SITRANET is devoted to develop a new generation of training equipment, based on simulation and virtual reality, designed to support logistics companies. Not only will this project create simulators for crane operators and truck drivers, it will also reduce training costs while improving safety and efficiency.
The SI.TRA.NE.T. (Simulation Training-Networking for Equal opportunities in Transport) project, utilizing the authors' extensive training experience on simulation systems, sets up a training system that enhances prevention in high-risk activities, such as handling particularly heavy loads using hoisting equipment (such as container cranes). It also makes it easier for those people who would find it difficult to gain access to or be retrained in the specific work areas to enter the profession.
Ideally, using this type of tool, based on such innovative technologies, would drastically lower costs, allowing it to be significantly extended throughout the sector.

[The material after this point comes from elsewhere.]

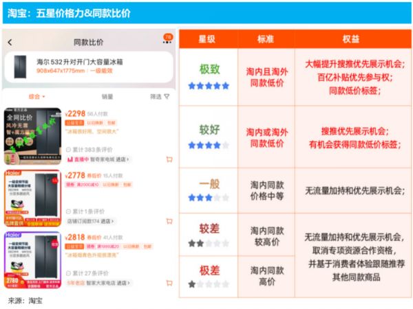 而近期淘宝、京东们推出的“一键比价”,“五星价格力”等低价优先的流量分发策略,则走的是:商家商品价格最低 → 平台给予免费流量倾斜 → 商家薄利但多销 → 低价带来更多用户流量。即商家把买量的费用直接用于价格补贴,以低价吸引自然用户流量,商家和平台都是走量而非价的逻辑。

It should be noted that, at the present time, for what concerns gantry crane simulators, very few systems are operational (1 in Genoa, Italy, out of 2 available in the country, 1 in Le Havre, France, 2-3 in Holland, etc.) given that it costs around one million dollars and more than 100,000 for maintenance. Obviously, this greatly restricts the potential user market.
In similar applications, such as truck crane activities, the problem resurfaces in a very analogous manner and the ratio between system cost (purchase and management) and operator financial capacities limits the widespread use of the simulator in this sector. The situation involving Truck simulators is quite emblematic: despite the significant savings in Switzerland resulting from the testing and adoption of army truck driver training simulators, these tools are almost non-existent on the private market and, in any case, economically and financially prohibitive for users.
Obviously, on the other hand, using this type of tool will reduce training costs (fundamental costs in all those situations where service efficiency must be guaranteed). There is also an obvious impact on safety as well as on the productivity of real plants that is drastically reduced when used for training.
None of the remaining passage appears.